ACM EUTPC Comments on NTA 8047-2026

April 2026

The Association for Computing Machinery (ACM) is the world’s longest-established professional society of individuals involved in all aspects of Computing. It annually bestows the ACM A.M. Turing Award, often popularly referred to as the “Nobel Prize of Computing.” ACM’s Europe Technology Policy Committee (“Europe TPC”) is charged with, and committed to, providing policymakers and the public with sound technical information to support sound public policymaking. Europe TPC has previously responded to European Union stakeholder consultations in the context of the AI Act, the Data Act, the Digital Services Act, the Digital Citizen Principles, and the Cyber Resilience Act, amongst others. ACM and Europe TPC are non-profit, non-political, and non-lobbying organizations.

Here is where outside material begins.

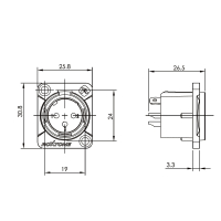 Разъем Cannon (XLR) панельный папа 3-х контактный, цвет: серебро.
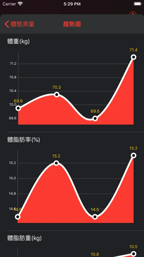 • 可查詢Inbody檢測紀錄及趨勢圖

We are pleased to provide comments on the proposed Dutch Technical Agreement on profiling algorithms. This consultation, sponsored by the Royal Netherlands Standardization Institute, provides timely and impactful recommendations at both national and international levels. The draft document and background are available here.

Section 3.2

Comment:
Section 3.2 does not distinguish between different levels of data abstraction in profiling algorithms. The literature identifies four main categories: provided, observed, derived, and inferred data (Abrams, 2014). This distinction is critical because derived and particularly inferred data introduce additional error sources beyond input data quality. Inferred data relies on statistical correlations that may be inaccurate, discriminatory, or contextually inappropriate for individual cases. Without acknowledging these abstraction levels, the standard inadequately addresses scenarios where faulty inferences cannot be effectively challenged due to the lack of transparency in derivation processes.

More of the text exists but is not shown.